Per il ciociaro questa è un’opportunità ghiotta e stimolante a quanto pare. Lui li segue quindi per quel che concerne l’allenamento, dà loro consigli e spesso ci esce in bici. E’ stato così anche all’autodromo di Vallelunga a fine 2020 quando lui e i suoi piloti hanno svolto sedute particolari, come si è visto dai social. Sedute evidentemente volte alla necessità di essere lucidi e reattivi durante i Gran Premi.

Quel che sta proponendo Agnoli è particolare. E’ un po’ quel che ha fatto McLaren quando è entrata nel ciclismo con Bahrain (anche se adesso è uscita). Solo che Valerio lo sta facendo al contrario: porta la bici nei motori. Questo è un ambito di lavoro molto e curioso. Un aspetto diverso: la bici applicata ad un altro sport, un bel laboratorio.

Valerio Agnoli, 36 anni, ha chiuso la carriera nella Bahrain Merida a fine 2019
Agnoli, 36 anni, ha chiuso la carriera nella Bahrain Merida a fine 2019

Addio amaro

Agnoli ha entusiasmo. Non ha lasciato vincere la delusione per essere rimasto a piedi, anzi l’ha trasformata in grinta. Quella che lo contraddistingueva da corridore.

«Devi essere imprenditore di te stesso, nella vita normale non hai il procuratore – racconta Agnoli – quel che fai, lo fai da solo. A quanto pare, proprio i procuratori si erano strappati i capelli pur di trovarmi una squadra, ma non ci sono riusciti. Neanche un’offerta… Se poi ci aggiungi un diesse che ti dice: per correre devi sperare che cada un tuo compagno, allora capisci che forse doveva andare così. Quale diesse? Era uno dell’Est… Io per non aggravare la situazione non ho voluto fare polemica. Mi sono ritrovato man mano a fare gare di secondo piano, salvo poi sapere che sarei partito per il Giro una settimana prima del via».

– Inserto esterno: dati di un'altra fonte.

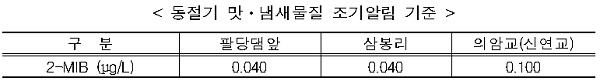 특히 겨울철에 맛·냄새물질의 기준이 초과할 경우 정수처리 강화 등 적절한 대응을 위해 관련 분석결과를 한강유역환경청 등 유관 기관에 신속하게 제공하고 있다.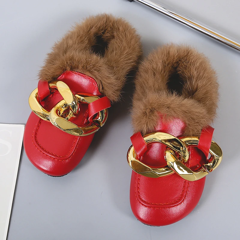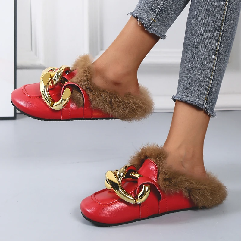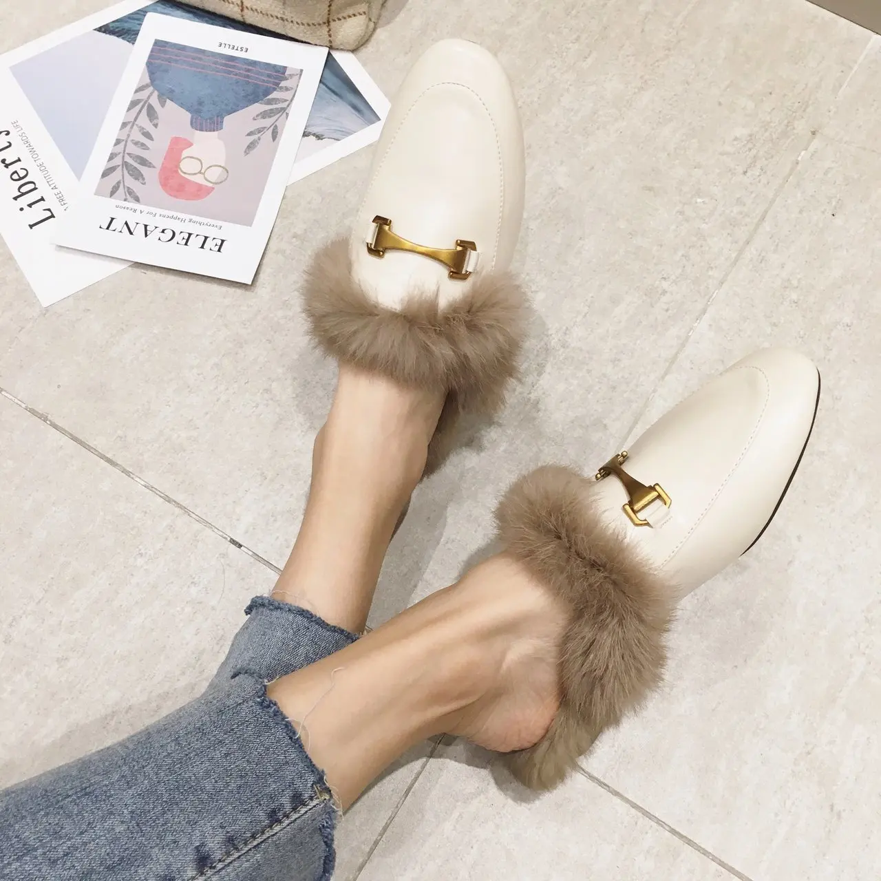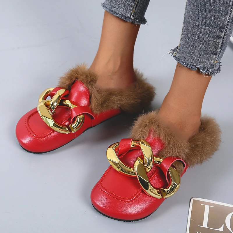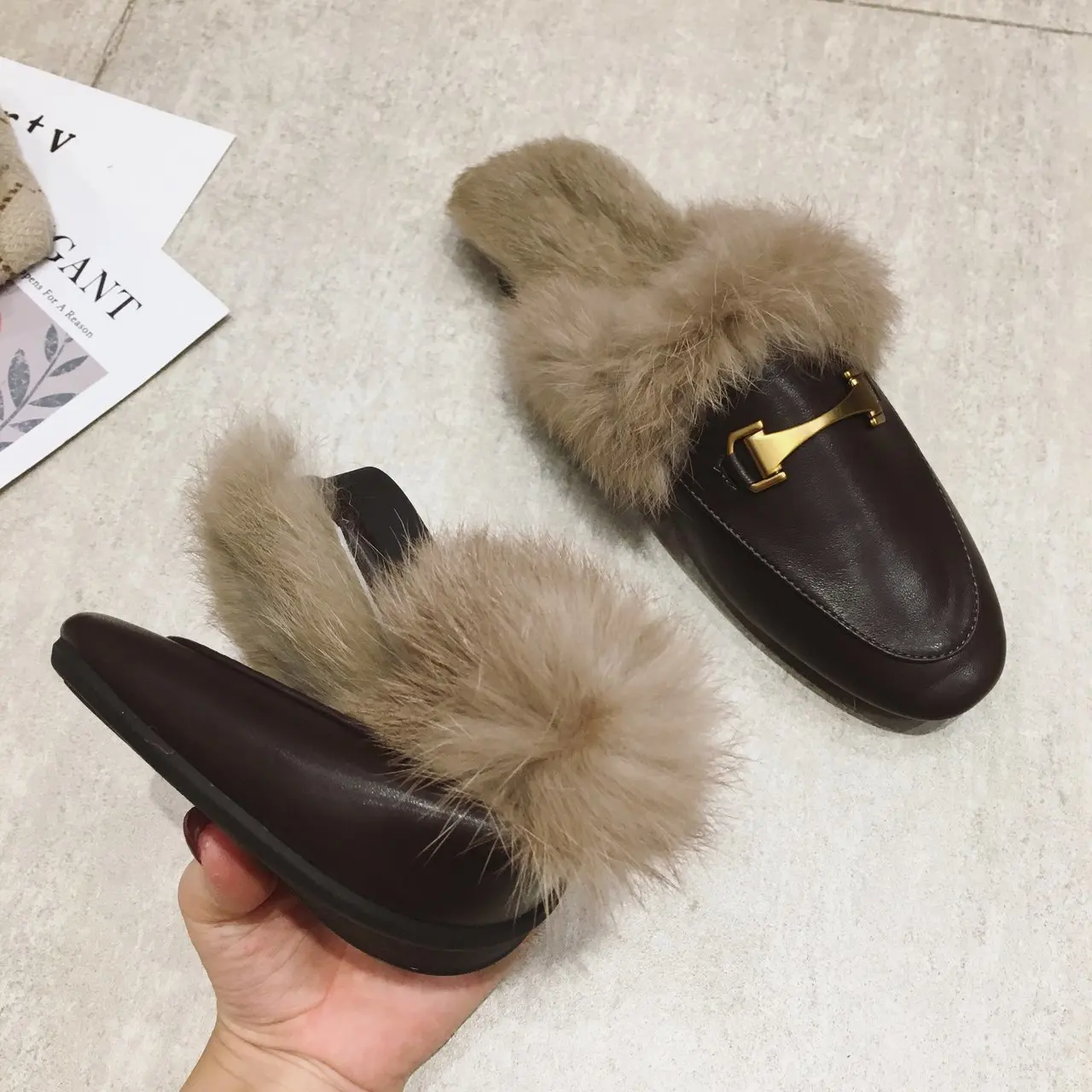 Женские туфли на натуральном меху LazySeal, повседневные Мокасины с металлической цепочкой, круглый носок, пушистые шлепанцы, пушистые шлепанцы, обувь для осени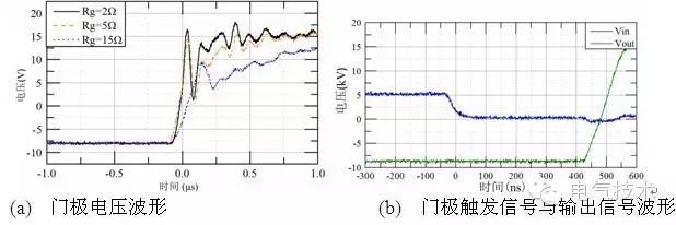 为了减少门极信号的分散性,本文通过多路光纤传输系统以确保每个触发信号到达IGBT门极时间基本相同,并选用了同一型号,同一时期,同一生产线上的器件以减少器件本身的分散性。经测试发现,各个IGBT门极信号的延时时间基本相同,误差在20ns以内。图4(b)为其中一路开关单元的触发信号和IGBT门级信号的波形图,可以看出触发信号动作到门级电压上升之间的时间约为460ns。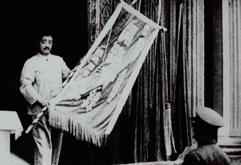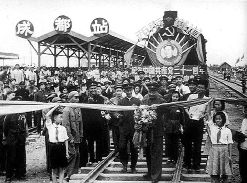 图为贺龙在成都站为成渝铁路首发列车剪彩
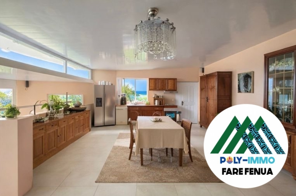 Sur les hauteurs de Haapiti, cette maison bénéficie d'une vue lagon dégagée et plongeante, à proximité d'une passe de surf.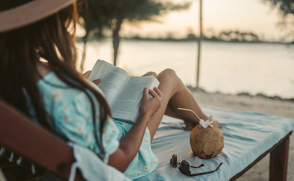 Na twee hoofdstukken te hebben gelezen merk ik ineens hoe warm ik het heb gekregen. De schaduw is inmiddels langzaam verschoven en de ene helft van mijn lijf ligt vol in de zon. Pas nu merk ik de zweetdruppels op mijn bovenlip. Ik kijk naast me en zie dat Nick is weg gesukkeld. Zijn telefoon is naast zijn lijf gevallen en in zijn glas dobberen de laatste restjes van de grote ijsklontjes.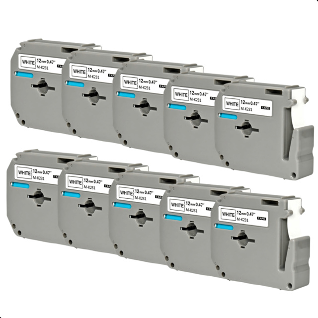 Kit 10 Fitas para Etiquetador Compatível Brother M231 MK231 12mm Escritório Organização e Rotulagem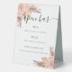 White background. Decorated with rose gold and pink florals, roses and pampas grass. With the text: Open bar. Personalise and add your bar menu.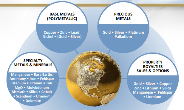 Breite Diversifikation in Edelmetalle, Bunt- und Polymetalle sowie Sondermetalle und seltene Mineralien. Über 100 Royalties und einige Optionen.

Ma se dopo la carriera Agnoli sperava di stare più tranquillo si sbagliava, per fortuna! Oltre al progetto con i piloti infatti Valerio è anche presidente della struttura tecnica del Comitato Fci del Lazio e collabora con Visit Lazio.

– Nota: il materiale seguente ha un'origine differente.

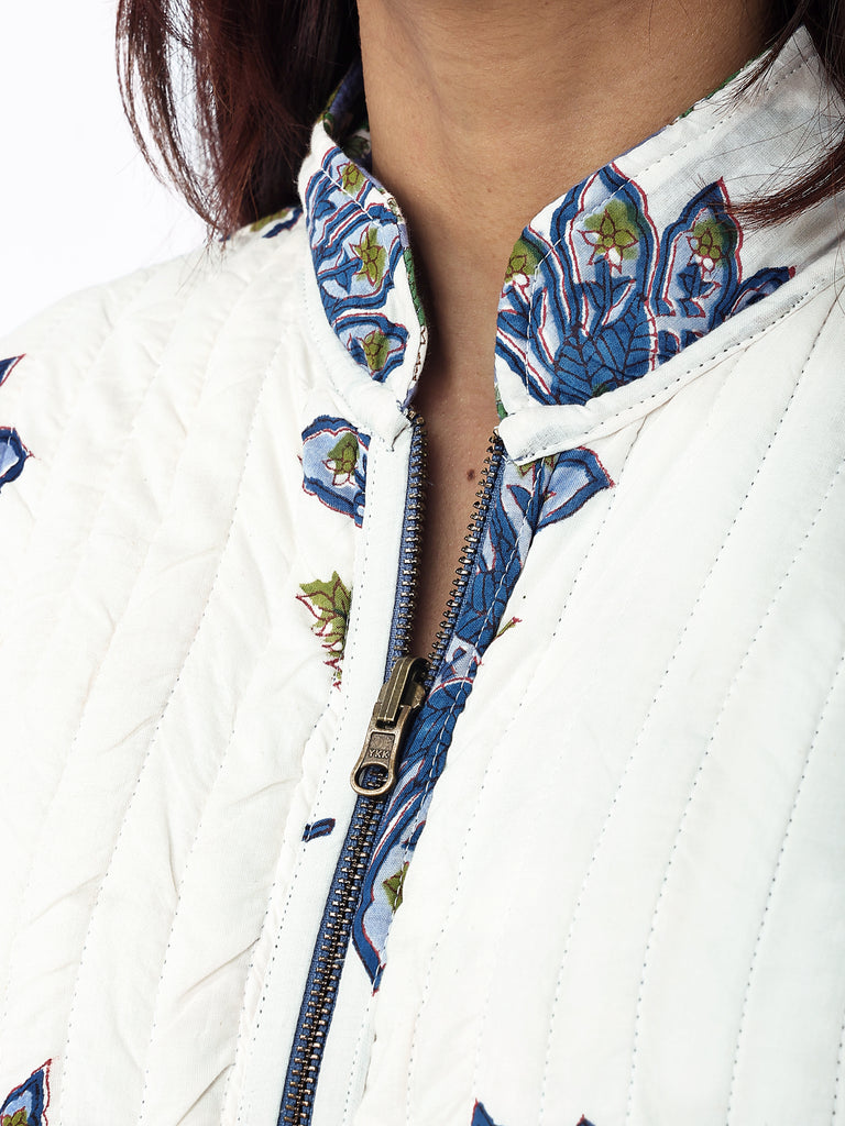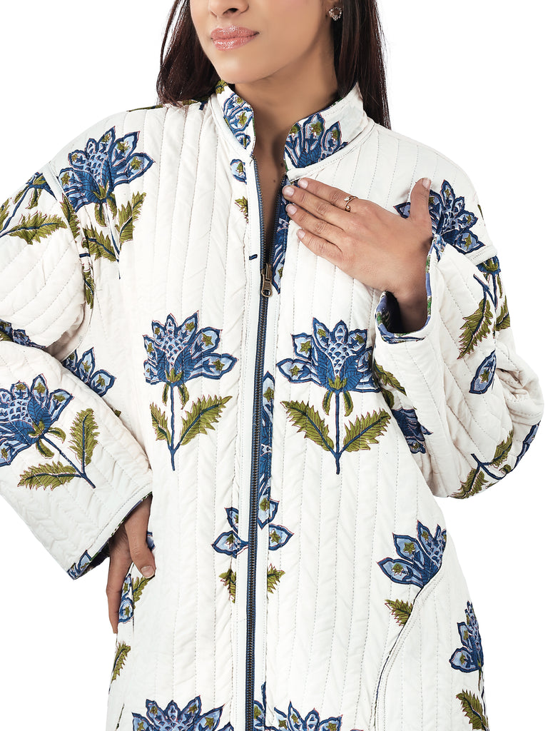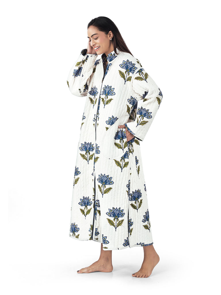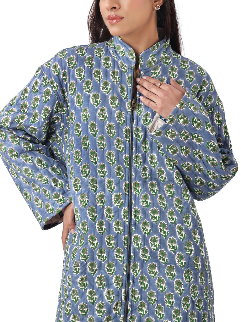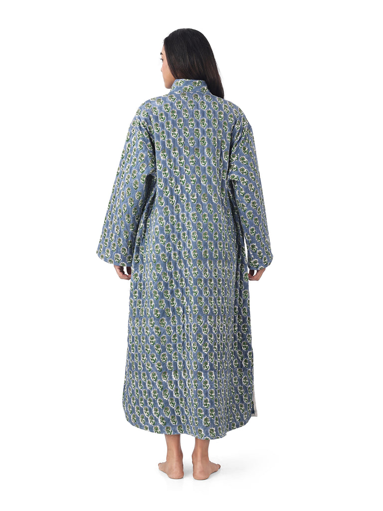 Reversible Zip Front, Luxury Quilted Hand Block Print Robe - Blue

«Giusto qualche giorno fa, il neopresidente del Comitato regionale del Lazio, Maurizio Brilli, mi ha contattato e mi ha offerto questa carica. In pratica sono il capo dei Ct del Lazio. Io ho accettato subito e la mattina dopo gli ho presentato subito delle idee».

Agnoli è testimonial del turismo laziale
Agnoli è testimonial del turismo laziale

Il “console” Agnoli

«E poi c’è il discorso sul turismo, un qualcosa di grande – racconta con passione Agnoli – i video che abbiamo fatto con Visit Lazio hanno avuto oltre 2,5 milioni di interazioni. Per ora il progetto ha riguardato solo la provincia di Frosinone. Dovevamo toccare tutti e 91 i Comuni della provincia e per ora siamo oltre i 50. Il Lazio ha posti incantevoli e il tema della mobilità alternativa che coinvolge anche il food è forte e in crescita. Mi definisco un console della mia terra, più che un ambassador!».

«Il progetto con Visit Lazio è nato durante il lockdown grazie alla consigliera al turismo della Regione Lazio, Sara Battisti, nell’ambito del progetto “Ripartiamo dal Turismo”. Abbiamo proposto idee, girato dei video ogni settimana e alla fine quel che producevamo finiva sulle pagine social della Regione, pagine che hanno oltre 200.000 follower ciascuna, quindi una bella visibilità. In più sono già pronti dei percorsi permanenti. I file già ce li ho».

Insomma Valerio Agnoli, non si risparmia. «Ah dimenticavo! Sto ultimando anche il corso da direttore sportivo di terzo livello».